Странно, то, что он говорит сейчас, уже не кажется таким уж ненормальным. Мне даже вспоминается одна история, наделавшая шума в интернете, о двух детях, заблудившихся в лесу. О том, как мальчик нес свою маленькую сестру трое суток на спине, без еды и практически без воды. Я и раньше сталкивался с теориями, что люди в стрессовых ситуациях могут мобилизовать силы в своем теле, о которых даже не подозревали. Но это все равно немного не то, о чем говорит Буров.

— То есть вы хотите сказать, что всякого рода провидцы, экстрасенсы — не бред?

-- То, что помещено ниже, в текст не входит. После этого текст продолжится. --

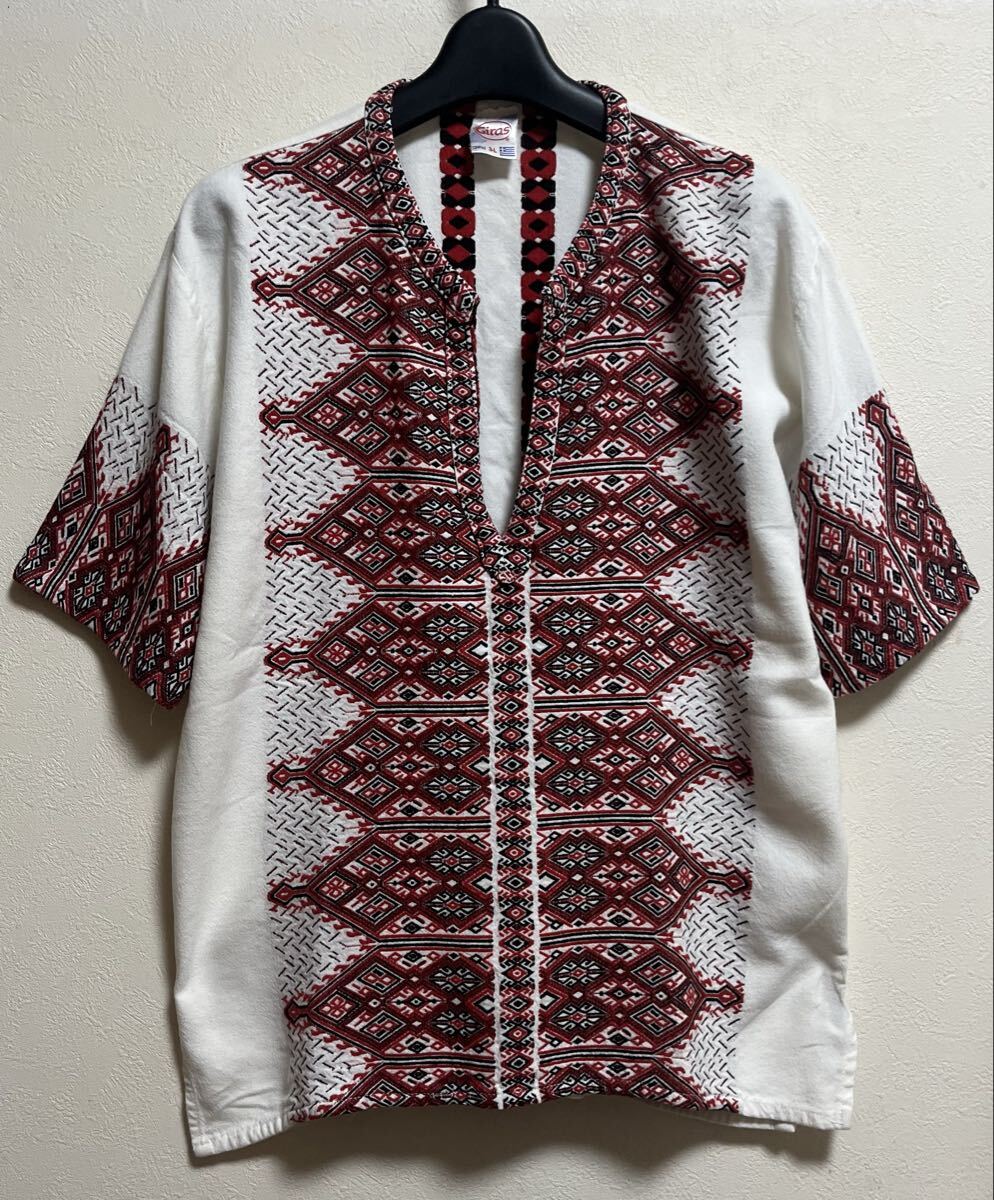 > ギリシャ製 Giras シャツ 3-L(M位)白 プルオーバー 刺繍 半袖 エスニック バイカー ヒッピー ボヘミアン 民族 メキシカン ヴィンテージ
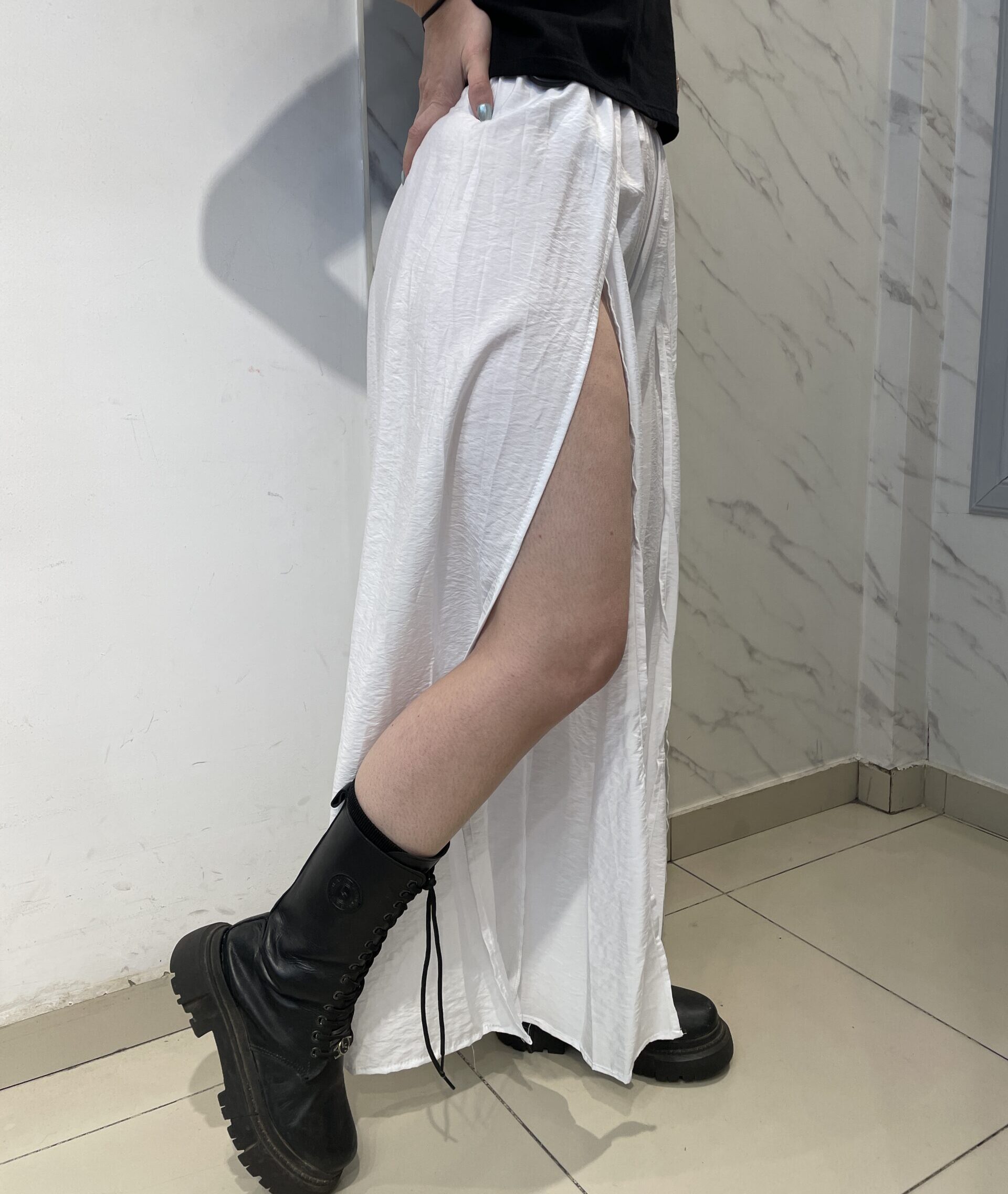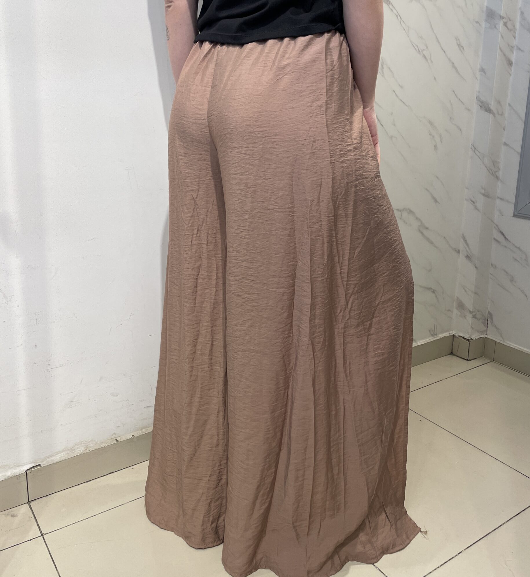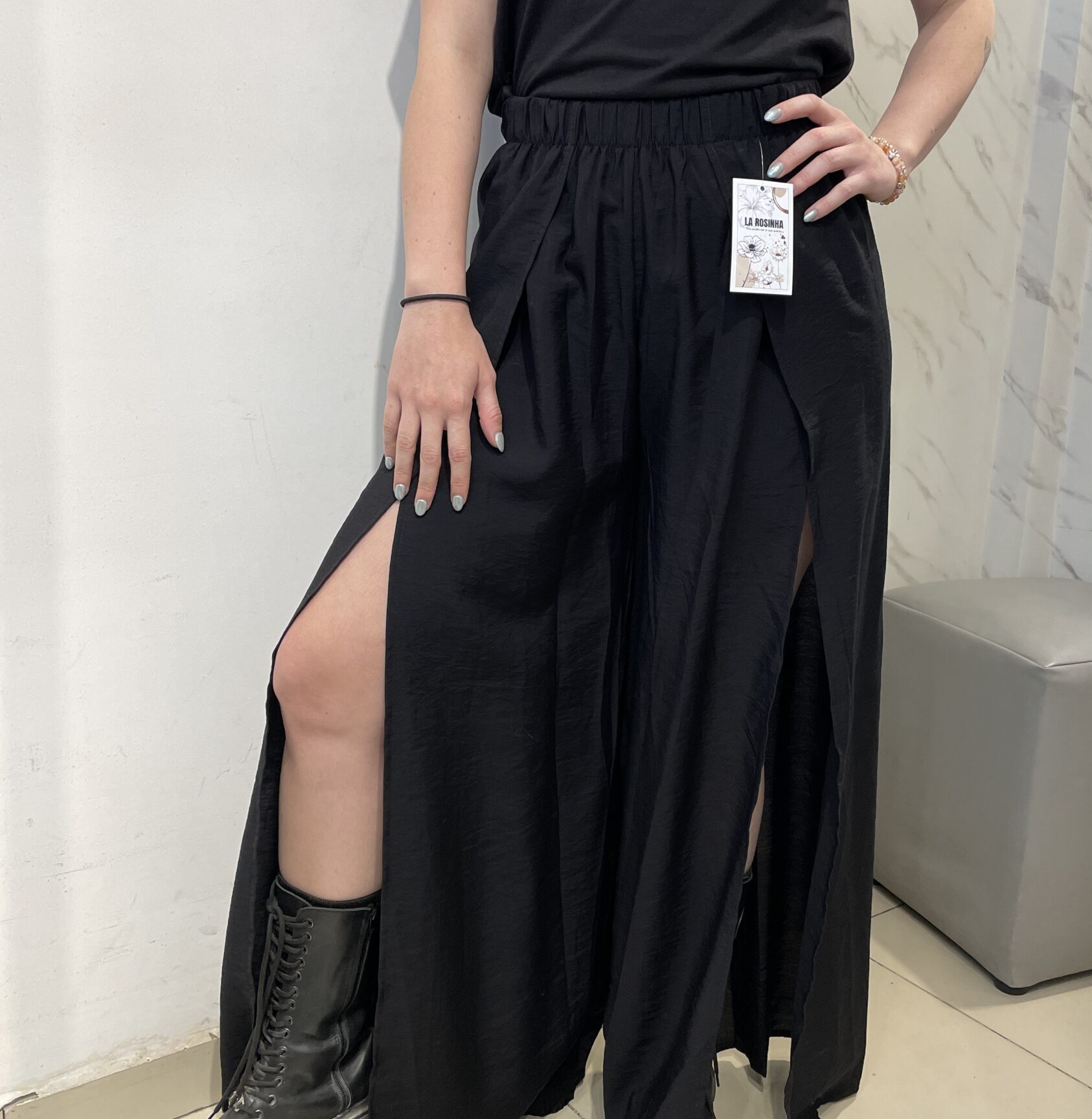 Pantalón de fibrana con aperturas en las piernas, efecto pollera.

— Ну, по большей части бред и спектакль, если ты о тех шарлатанах из телевизора или гадалках с паленых сайтов. Чаще всего они просто врут о своих способностях. Но согласись, разве такое вранье выжило бы, если подобное было бы совершенно невозможно? Такие люди есть, но природа их способностей слишком сложна, и чаще всего они не спешат об этом говорить, или, уж тем более, заявлять открыто. Такие способности не получают просто так, с бухты барахты. Я же говорю, такие люди чаще всего пережили сильное потрясение и дар этот по большей части не навсегда.

— То есть?

— Со временем это проходит. Я не знаю почему. Точнее, у меня есть много теорий. Я изучаю это уже не один год, но однозначного ответа, увы, так и нет. Но у меня есть теория, что любая такая способность не бывает случайной. Она очень тесно связана, как бы это сказать, с болью человека. С той болью, что он пережил. С некой внутренней потребностью лично его. И, видимо, дается все это не просто так, а для чего-то.

— И вы, вы тоже такой?

— Нет, увы, мне не повезло, или, наоборот, — повезло. У меня была довольно скучная жизнь, Клим. Или, может, я больно толстокожий. Но ничего подобного со мной не случалось. Хотя, возможно, если бы я сам испытал это на себе, я мог бы найти ответы на мучающие меня вопросы. А такие, как вы… Как ты, Клим, сколько я не общаюсь с вами, все равно не могу понять, — Буров грустно улыбается.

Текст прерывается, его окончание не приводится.